### Aim of the task
Please give back word for word the lines of the material below between the line containing "7月凌晨,汪峰晒出与女友森林" and the line containing "Naktinis staliukas 37x34x66,5", inclusive.

### Data listing
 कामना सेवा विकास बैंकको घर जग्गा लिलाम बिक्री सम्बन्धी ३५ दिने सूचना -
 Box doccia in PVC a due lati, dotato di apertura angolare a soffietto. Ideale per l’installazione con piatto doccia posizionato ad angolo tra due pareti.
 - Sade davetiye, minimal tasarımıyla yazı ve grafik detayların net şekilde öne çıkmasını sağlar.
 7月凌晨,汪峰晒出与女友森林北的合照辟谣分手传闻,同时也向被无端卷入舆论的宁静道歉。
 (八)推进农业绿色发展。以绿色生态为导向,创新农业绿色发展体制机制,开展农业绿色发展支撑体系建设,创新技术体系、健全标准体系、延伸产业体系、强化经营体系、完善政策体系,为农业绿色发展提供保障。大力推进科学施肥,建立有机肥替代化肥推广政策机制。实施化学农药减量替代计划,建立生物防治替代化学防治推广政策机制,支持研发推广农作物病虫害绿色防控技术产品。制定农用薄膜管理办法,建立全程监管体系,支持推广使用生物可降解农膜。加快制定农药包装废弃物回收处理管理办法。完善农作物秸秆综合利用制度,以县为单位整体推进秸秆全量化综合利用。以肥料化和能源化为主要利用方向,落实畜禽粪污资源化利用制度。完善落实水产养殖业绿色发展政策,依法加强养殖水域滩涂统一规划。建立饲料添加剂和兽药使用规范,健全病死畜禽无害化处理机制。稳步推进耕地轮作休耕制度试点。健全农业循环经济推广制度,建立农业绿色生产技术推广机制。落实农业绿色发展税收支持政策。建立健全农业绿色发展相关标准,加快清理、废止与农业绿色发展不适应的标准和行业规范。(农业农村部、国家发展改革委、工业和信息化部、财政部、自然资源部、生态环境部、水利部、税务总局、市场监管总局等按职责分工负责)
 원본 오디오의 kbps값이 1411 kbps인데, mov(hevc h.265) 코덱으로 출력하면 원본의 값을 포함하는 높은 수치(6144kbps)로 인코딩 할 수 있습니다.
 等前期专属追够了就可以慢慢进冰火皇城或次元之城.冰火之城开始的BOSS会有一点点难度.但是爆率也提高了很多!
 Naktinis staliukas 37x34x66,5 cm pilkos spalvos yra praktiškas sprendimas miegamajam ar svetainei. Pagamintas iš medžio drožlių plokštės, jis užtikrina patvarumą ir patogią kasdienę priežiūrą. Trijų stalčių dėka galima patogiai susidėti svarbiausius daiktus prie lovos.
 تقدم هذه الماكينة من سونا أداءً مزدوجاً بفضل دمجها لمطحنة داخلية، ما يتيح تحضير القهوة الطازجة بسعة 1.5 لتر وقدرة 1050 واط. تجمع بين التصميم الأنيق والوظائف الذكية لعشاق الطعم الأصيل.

--

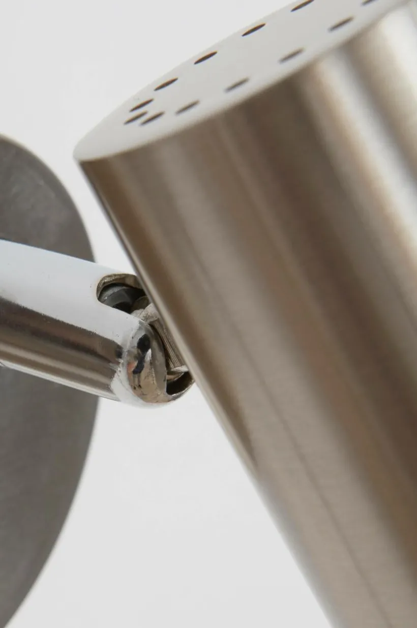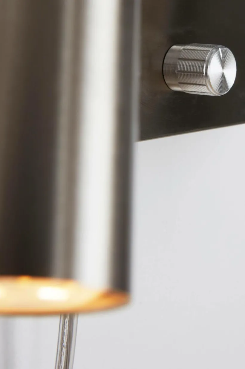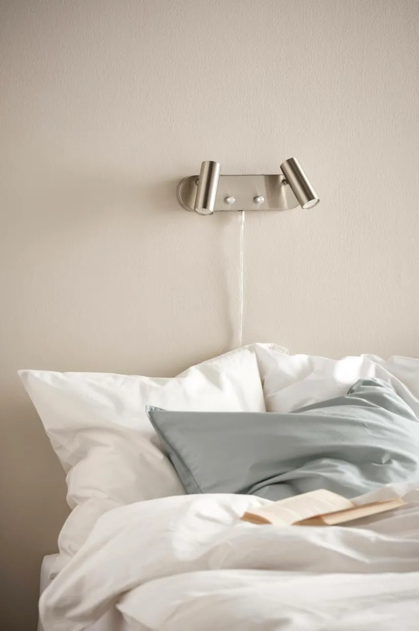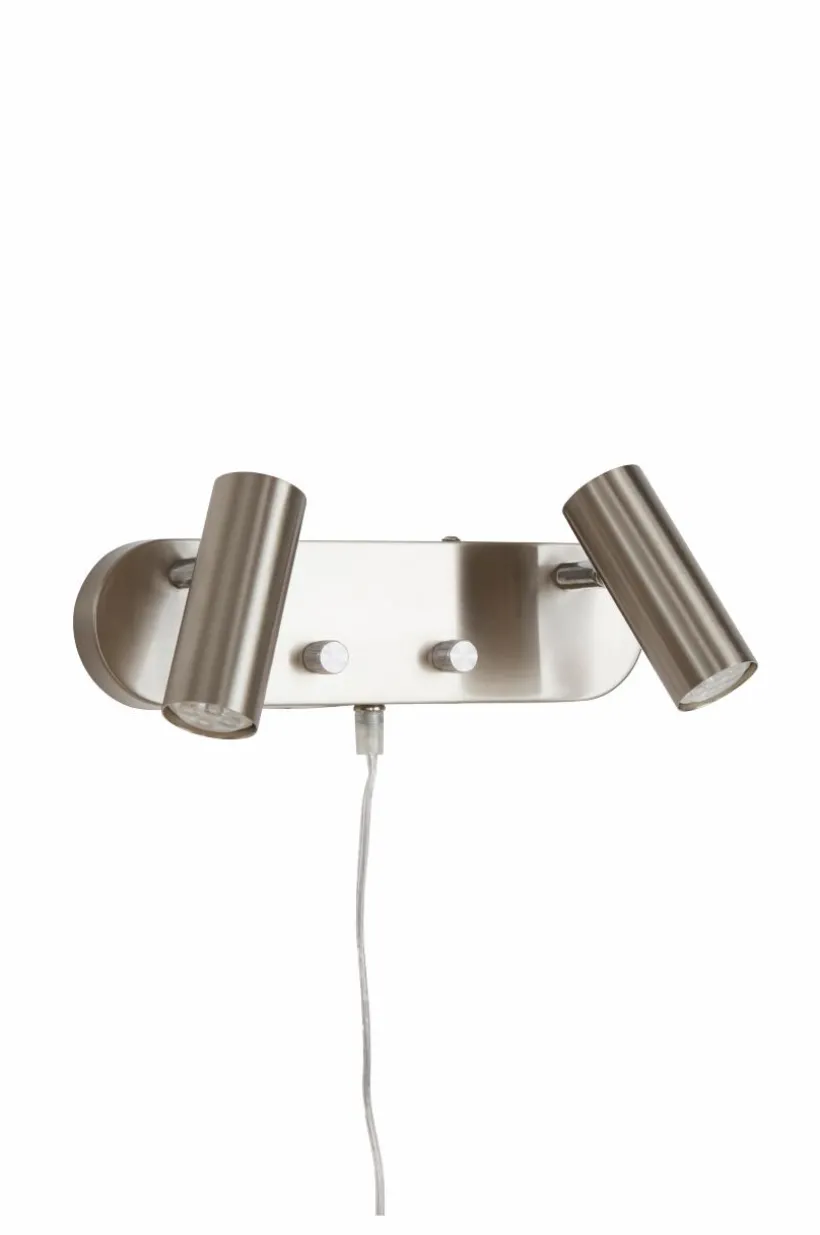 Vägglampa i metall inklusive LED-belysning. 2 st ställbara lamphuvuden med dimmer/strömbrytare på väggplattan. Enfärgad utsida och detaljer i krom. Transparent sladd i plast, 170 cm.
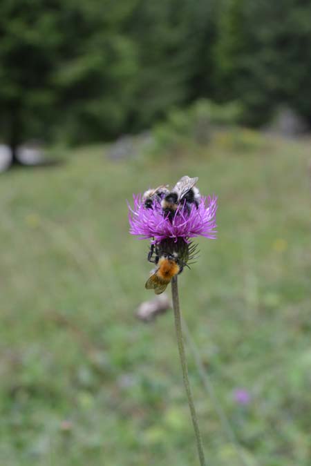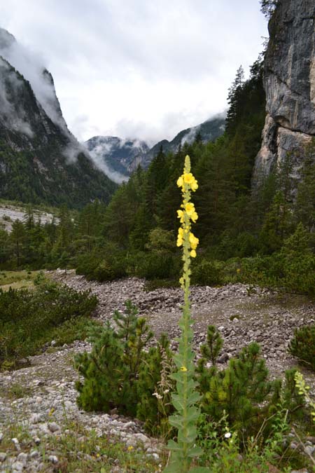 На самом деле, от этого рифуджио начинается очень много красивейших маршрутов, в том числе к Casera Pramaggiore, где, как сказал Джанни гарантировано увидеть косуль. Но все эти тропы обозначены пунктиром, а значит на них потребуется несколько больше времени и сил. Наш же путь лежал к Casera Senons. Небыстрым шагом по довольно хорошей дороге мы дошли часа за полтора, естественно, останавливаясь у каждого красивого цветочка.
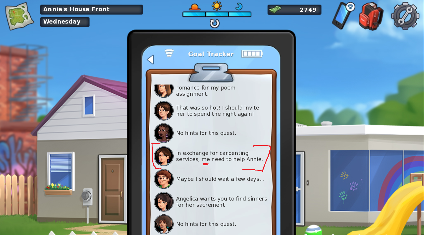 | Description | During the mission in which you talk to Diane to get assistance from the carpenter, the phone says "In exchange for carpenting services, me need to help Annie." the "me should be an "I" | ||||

### Result of this task
 7月凌晨,汪峰晒出与女友森林北的合照辟谣分手传闻,同时也向被无端卷入舆论的宁静道歉。
 (八)推进农业绿色发展。以绿色生态为导向,创新农业绿色发展体制机制,开展农业绿色发展支撑体系建设,创新技术体系、健全标准体系、延伸产业体系、强化经营体系、完善政策体系,为农业绿色发展提供保障。大力推进科学施肥,建立有机肥替代化肥推广政策机制。实施化学农药减量替代计划,建立生物防治替代化学防治推广政策机制,支持研发推广农作物病虫害绿色防控技术产品。制定农用薄膜管理办法,建立全程监管体系,支持推广使用生物可降解农膜。加快制定农药包装废弃物回收处理管理办法。完善农作物秸秆综合利用制度,以县为单位整体推进秸秆全量化综合利用。以肥料化和能源化为主要利用方向,落实畜禽粪污资源化利用制度。完善落实水产养殖业绿色发展政策,依法加强养殖水域滩涂统一规划。建立饲料添加剂和兽药使用规范,健全病死畜禽无害化处理机制。稳步推进耕地轮作休耕制度试点。健全农业循环经济推广制度,建立农业绿色生产技术推广机制。落实农业绿色发展税收支持政策。建立健全农业绿色发展相关标准,加快清理、废止与农业绿色发展不适应的标准和行业规范。(农业农村部、国家发展改革委、工业和信息化部、财政部、自然资源部、生态环境部、水利部、税务总局、市场监管总局等按职责分工负责)
 원본 오디오의 kbps값이 1411 kbps인데, mov(hevc h.265) 코덱으로 출력하면 원본의 값을 포함하는 높은 수치(6144kbps)로 인코딩 할 수 있습니다.
 等前期专属追够了就可以慢慢进冰火皇城或次元之城.冰火之城开始的BOSS会有一点点难度.但是爆率也提高了很多!
 Naktinis staliukas 37x34x66,5 cm pilkos spalvos yra praktiškas sprendimas miegamajam ar svetainei. Pagamintas iš medžio drožlių plokštės, jis užtikrina patvarumą ir patogią kasdienę priežiūrą. Trijų stalčių dėka galima patogiai susidėti svarbiausius daiktus prie lovos.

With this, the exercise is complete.